JIT me baby one more time

Performance. The dream of man. The age-old question: can I has the MIPS?

A while back I wrote up the theory of going from an interpreter to a JIT on the R3000. This time we’re doing it for real, in C++, on the SH4, for the Sega Dreamcast. We’ll head interpreter->cached interpreter->JIT->much better JIT, step by step.

The SH4

It’s a 200MHz RISC chip with 16 32-bit general registers, fixed 16-bit instructions, branch delay slots, an FPU with a couple of fun mode bits, and an MMU we avoid emulating if possible (but we’ll get to how I do it, maybe in a later article.) By the end we’ll have a dynarec that beats a very, very fast cached interpreter.

A note on MIPS

For SH4, I use 1 instruction = 1 cycle, strictly. I may change this in the future, but it’s been that way since the beginning.

Also, the MIPS numbers I’m sharing are from booting Soul Calibur past the BIOS and into the attract mode for a few thousand total frames. They’re approximate, and heavy gameplay could (and definitely did) bring them down, but they measure progress by being a repeated benchmark.

100 MIPS. Where we started: a plain interpreter

My SH4 interpreter wasn’t anything special. It just fetched and executed opcodes. An interesting aspect of it was that for delay slots, it simply called fetch_and_exec() from inside the function body, thus side-stepping having to worry about them, and updated the PC appropriately afterward. This did become a bit of a wrinkle later on, but eventually worked out.

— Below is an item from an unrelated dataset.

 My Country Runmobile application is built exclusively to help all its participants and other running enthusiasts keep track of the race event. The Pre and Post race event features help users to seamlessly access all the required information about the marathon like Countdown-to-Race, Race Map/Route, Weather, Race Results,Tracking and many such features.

One “fun” part of the SH4 is that some instructions change what they do based on some bits in the status register.

So let’s get to naive interpreter…

Step 1: a very naive interpreter

SH4 instructions are all 16 bits. The top nibble usually picks the family, and the rest of the bits are some mix of register fields (n, m), a displacement (d), or an immediate (i). So 0110nnnnmmmm0011 is MOV Rm, Rn, and you pull n = (op >> 8) & 0xF, m = (op >> 4) & 0xF.

void SH4::SH4_MOV(u16 op) {
    u32 n = (op >> 8) & 0xF;
    u32 m = (op >> 4) & 0xF;
    R[n] = R[m];   // the actual work
}

Step 2: the interpreter loop

Your plain regular interpreter loop looks like this.

while (cycles_left > 0) {
    u16 op = mem_read16();
    PC += 2;
    decode_and_execute(op);   // big switch or a table
    cycles_left -= cycle_cost(op);
}

On a naive interpreter, every single time you execute that instruction, you’re paying multiple costs that we can eliminate.

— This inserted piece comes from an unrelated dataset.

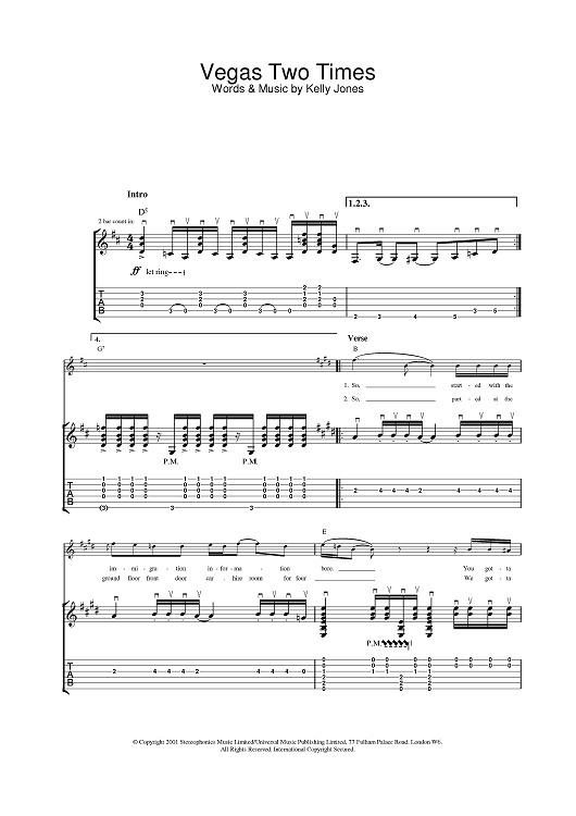 Digital Sheet Music for Vegas Two Times by Stereophonics scored for Piano/Vocal/Chords; id:377257

fetch the instruction - eliminated by CI
decode the instruction family - eliminated by CI
setup the stack and call the function for the handler - eliminated by CI, eventually
decode the instruction operands - eliminated by CI
actually execute the instruction’s logic
account for PC changes and cycle counts - eliminated by CI, eventually

~230 MIPS. Step 3: the cached (block) interpreter

The idea is exactly the R3000 one: decode a run of instructions once, store the decoded form, and execute from the decoded form. On the SH4 a decoded “cell” looked roughly like this:

struct cell {
    void (SH4::*handler)(cell*);   // pre-selected handler (a member function)
    u16  opcode;                   // the raw instruction, kept around
    u32  n, m;                     // pre-extracted register fields
    u32  imm;                      // pre-computed immediate/displacement
    bool decoded;                  // has this slot been translated yet?
};

The handler no longer re-derived its operands from the opcode; the block translator did that once, up front, so the handler just read the pre-decoded fields off the cell:

void SH4::SH4_MOV(cell *c) {
    R[c->n] = R[c->m];   // operands already extracted
}

We translated these in groups called blocks from some PC, stopping at the first control-flow instruction (plus its delay slot), and stashed the block in a map keyed by the physical RAM address it came from. Next time the PC landed there, we skipped fetching+decoding entirely.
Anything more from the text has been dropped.